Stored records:
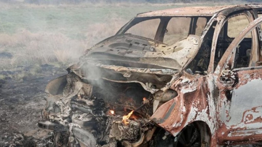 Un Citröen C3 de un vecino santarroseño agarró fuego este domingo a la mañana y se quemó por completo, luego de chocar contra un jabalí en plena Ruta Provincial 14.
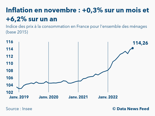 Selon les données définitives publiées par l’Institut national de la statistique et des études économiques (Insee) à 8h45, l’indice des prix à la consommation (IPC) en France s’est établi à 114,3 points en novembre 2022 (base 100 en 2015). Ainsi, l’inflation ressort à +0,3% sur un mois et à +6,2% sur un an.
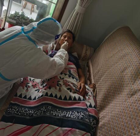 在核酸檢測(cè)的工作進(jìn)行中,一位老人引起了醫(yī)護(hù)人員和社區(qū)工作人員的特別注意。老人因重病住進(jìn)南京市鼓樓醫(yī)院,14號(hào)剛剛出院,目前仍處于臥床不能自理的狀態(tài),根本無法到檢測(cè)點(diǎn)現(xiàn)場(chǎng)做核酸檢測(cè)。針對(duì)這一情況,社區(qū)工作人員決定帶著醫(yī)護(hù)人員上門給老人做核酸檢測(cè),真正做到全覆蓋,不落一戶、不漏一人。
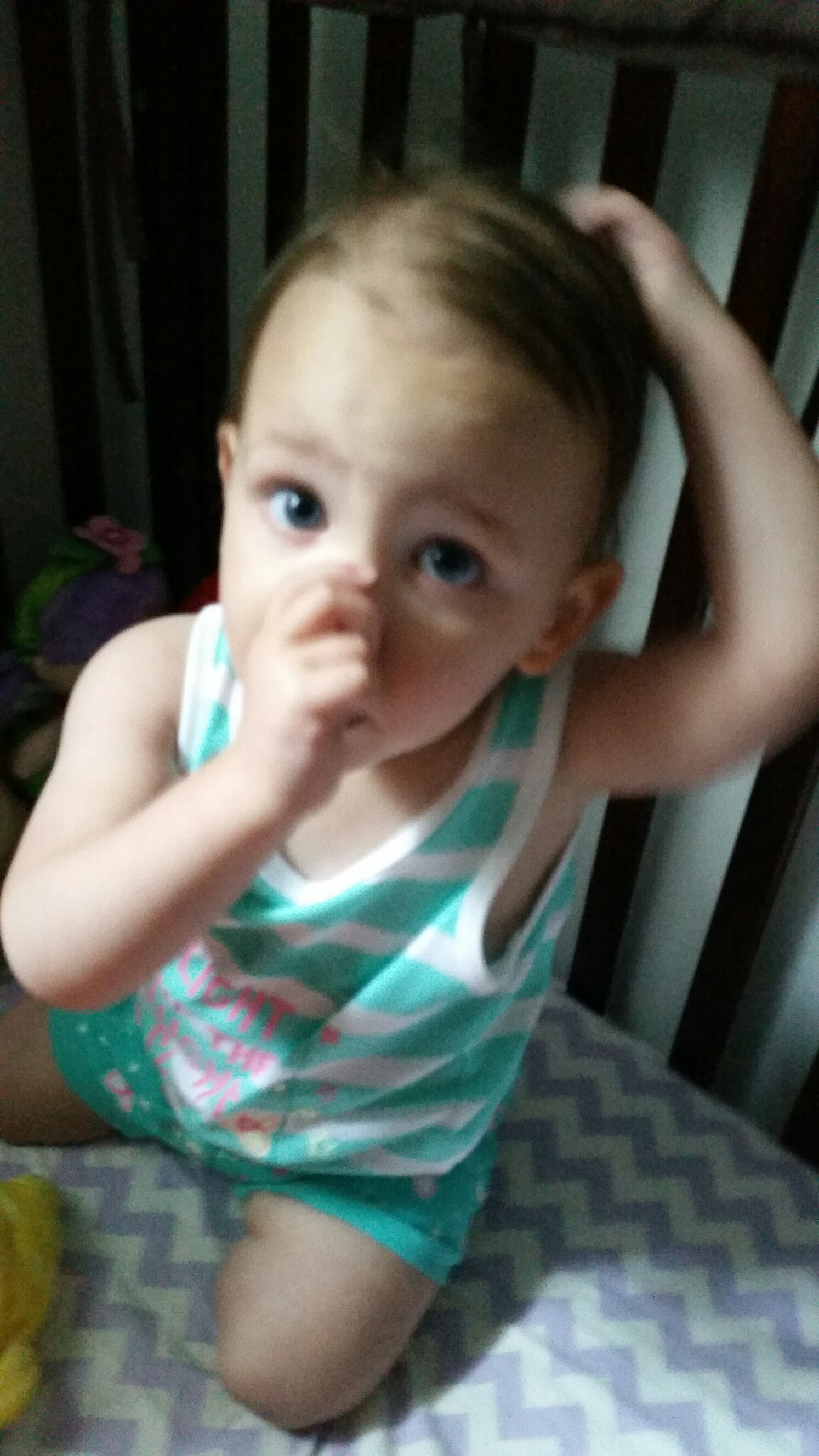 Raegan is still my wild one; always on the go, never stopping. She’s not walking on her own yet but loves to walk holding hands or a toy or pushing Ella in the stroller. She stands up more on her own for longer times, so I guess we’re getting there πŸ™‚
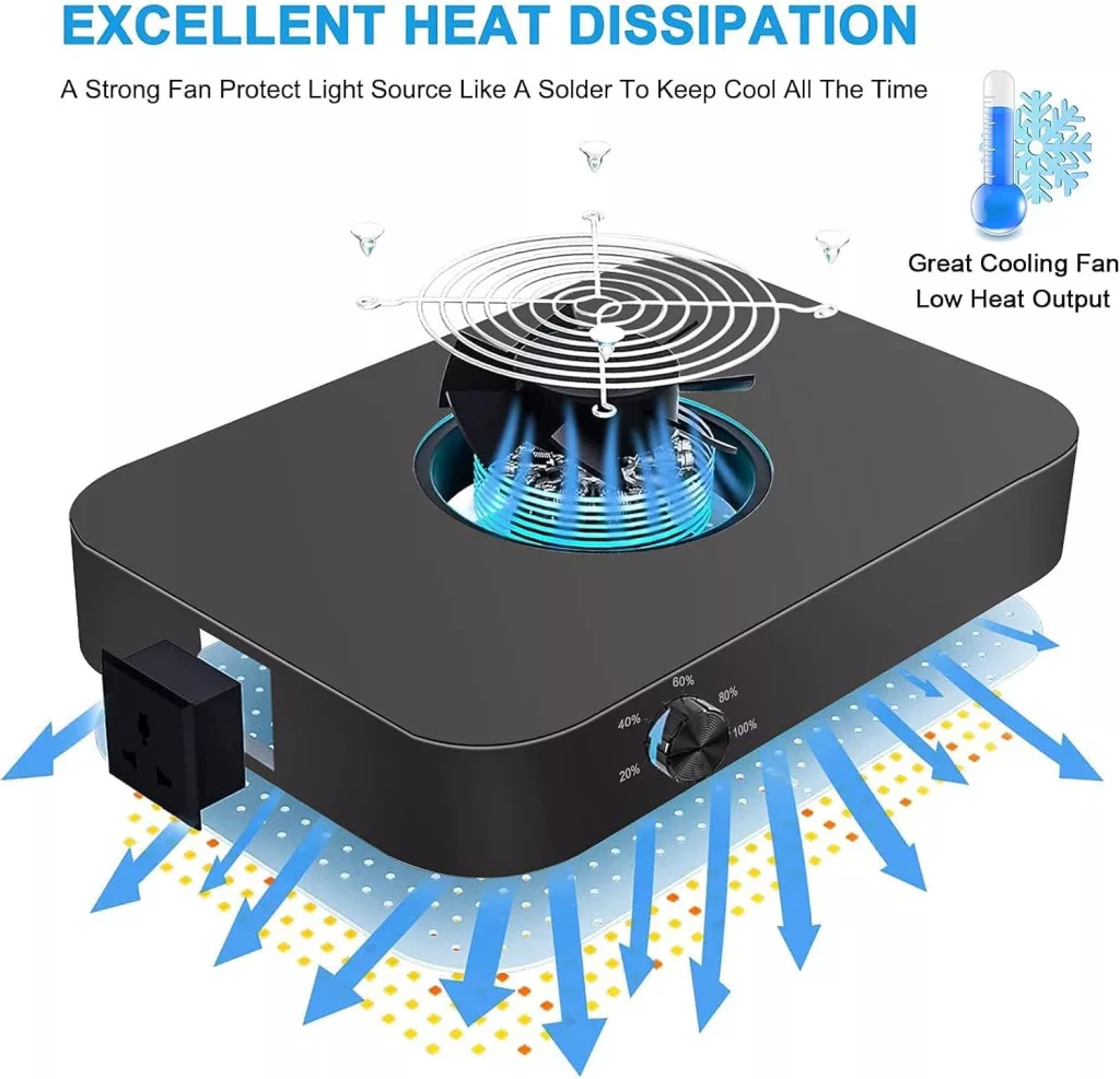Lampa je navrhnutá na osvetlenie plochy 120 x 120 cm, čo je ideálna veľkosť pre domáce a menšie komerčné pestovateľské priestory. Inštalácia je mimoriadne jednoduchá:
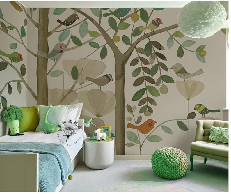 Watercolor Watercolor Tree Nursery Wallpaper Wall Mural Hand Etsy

» What you will do
Begin with the first line of the records and repeat every line up to the one with "Raegan is still", counting that line too. Pictures are not part of the copy.

» Answer box
 Un Citröen C3 de un vecino santarroseño agarró fuego este domingo a la mañana y se quemó por completo, luego de chocar contra un jabalí en plena Ruta Provincial 14.
 Selon les données définitives publiées par l’Institut national de la statistique et des études économiques (Insee) à 8h45, l’indice des prix à la consommation (IPC) en France s’est établi à 114,3 points en novembre 2022 (base 100 en 2015). Ainsi, l’inflation ressort à +0,3% sur un mois et à +6,2% sur un an.
 在核酸檢測(cè)的工作進(jìn)行中,一位老人引起了醫(yī)護(hù)人員和社區(qū)工作人員的特別注意。老人因重病住進(jìn)南京市鼓樓醫(yī)院,14號(hào)剛剛出院,目前仍處于臥床不能自理的狀態(tài),根本無法到檢測(cè)點(diǎn)現(xiàn)場(chǎng)做核酸檢測(cè)。針對(duì)這一情況,社區(qū)工作人員決定帶著醫(yī)護(hù)人員上門給老人做核酸檢測(cè),真正做到全覆蓋,不落一戶、不漏一人。
 Raegan is still my wild one; always on the go, never stopping. She’s not walking on her own yet but loves to walk holding hands or a toy or pushing Ella in the stroller. She stands up more on her own for longer times, so I guess we’re getting there πŸ™‚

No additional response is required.